La guerra saudita in Yemen supera ogni limite posto dal diritto internazionale: senza copertura Onu, si autoriproduce con massacri di civili, bombe su fabbriche e fattorie, raid contro le strutture mediche. È proprio il numero di ospedali colpiti dalle bombe anti-Houthi a darne la misura: 130 le strutture sanitarie target dei raid. Tra queste 4 cliniche di Medici Senza Frontiere, come l’ospedale Shiara dove a gennaio sono morte 6 persone di cui 3 membri dello staff.

La scorsa settimana un’ambulanza di Msf è stata bombardata e l’organizzazione medica ha chiesto l’apertura di un’inchiesta indipendente internazionale. Perché in tutti i casi, precisano le associazioni in Yemen, ospedali e cliniche avevano comunicato più volte le proprie coordinate. Quando i sauditi colpiscono, sanno cosa distruggono. L’obiettivo – instabilità totale per intervenire liberamente – è raggiunto: il sistema sanitario yemenita è al collasso, la gente ha paura ad andare in ospedale.

E i raid proseguono: tra le ultime vittime, a Sana’a, il giudice Yahya Rubaid e 6 familiari, tra cui 3 nipoti. Aveva investigato sul presidente Hadi per tradimento.
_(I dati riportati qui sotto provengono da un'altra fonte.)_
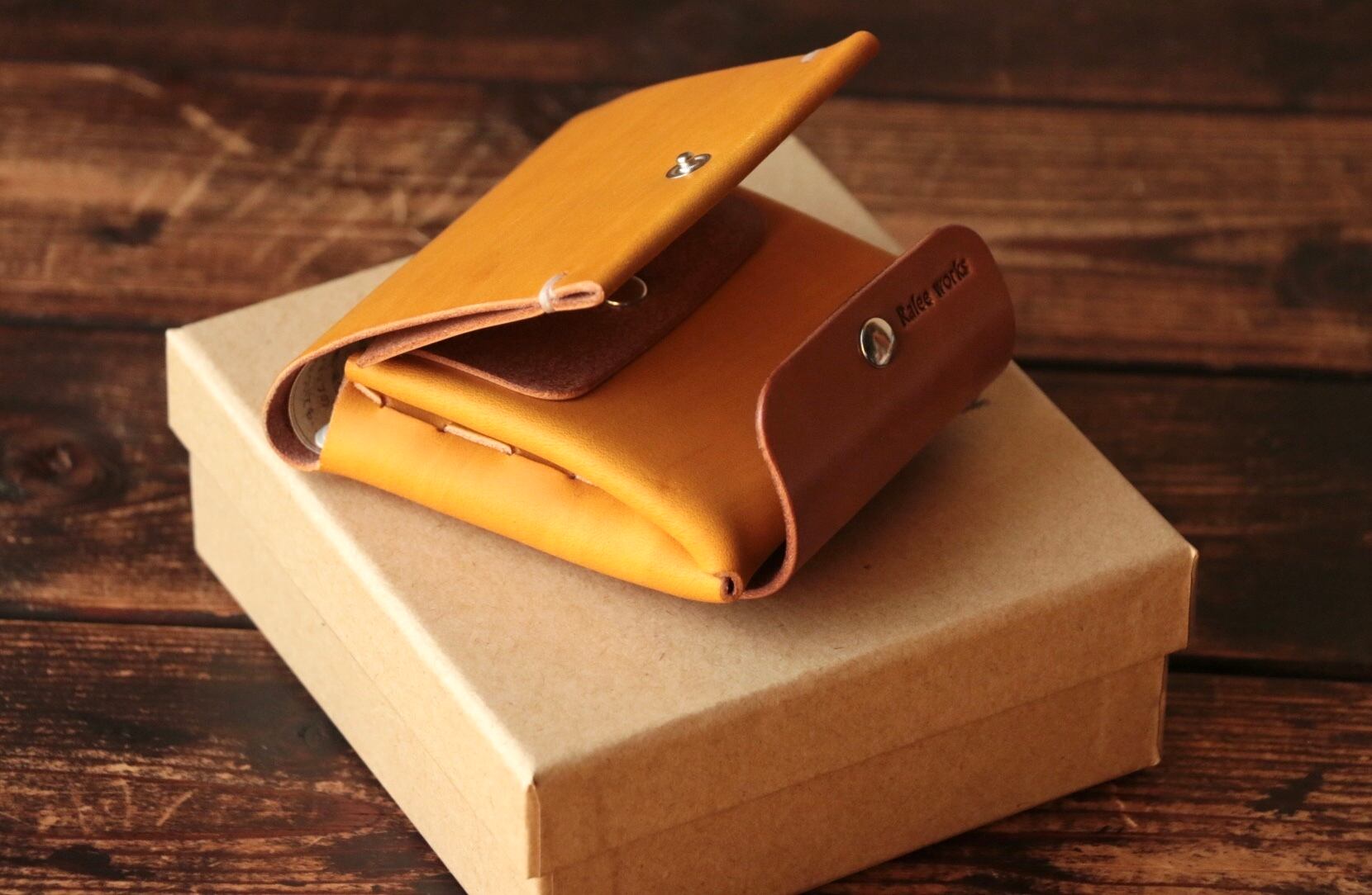 使い始めは革が硬くカードの出し入れやフタが固く感じられますが、使い込む事で徐々に馴染んでいきます。
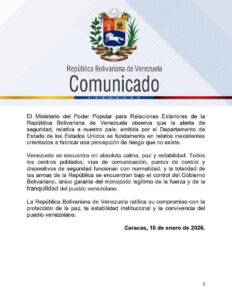 El Ministerio de Relaciones Exteriores de Venezuela emitió un comunicado, la noche del sábado 10 de enero, en respuesta al llamado que hiciera el Departamento de Estado de Estados Unidos a su gente que se encuentra en el país, ante una supuesta persecución de los colectivos.
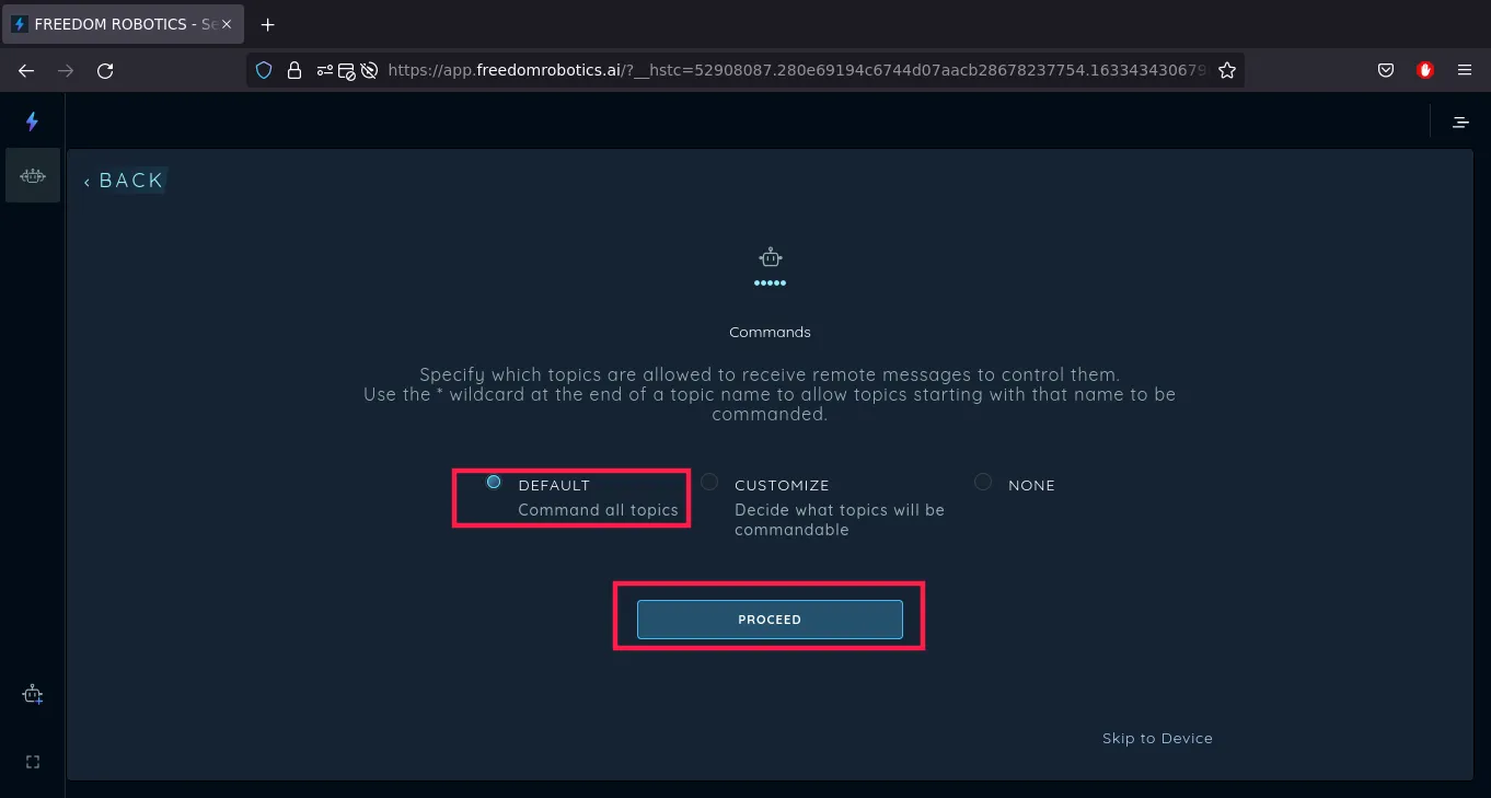 The first step is to configure what topics will be allowed to receive commands from Freedom Robotics. This is useful if you want to add commands for buttons on the joystick (e.g make a photo when pressing the square button), or if you want to pilot the robot using the UI joystick in Freedom Robotics. You have 3 options:

Impassibile il portavoce della coalizione a guida saudita: «Non colpiamo le case né le zone residenziali». Eppure Rubaid è morto nella sua abitazione.

Ora a sollevare seri dubbi sulla guerra saudita sono le Nazioni Unite: 51 pagine di rapporto inviato al Consiglio di Sicurezza da una commissione di esperti analizzano gli attacchi «vasti e sistematici» contro i civili e puntano il dito contro il ruolo della Gran Bretagna, nella vendita di armi a Riyadh el’invio di esperti militari.

L’Onu accusa la coalizione anti-Houthi, con alla mano almeno 119 casi documentati: colpiti campi profughi, matrimoni, autobus, abitazioni, scuole e ospedali, mercati e fabbriche.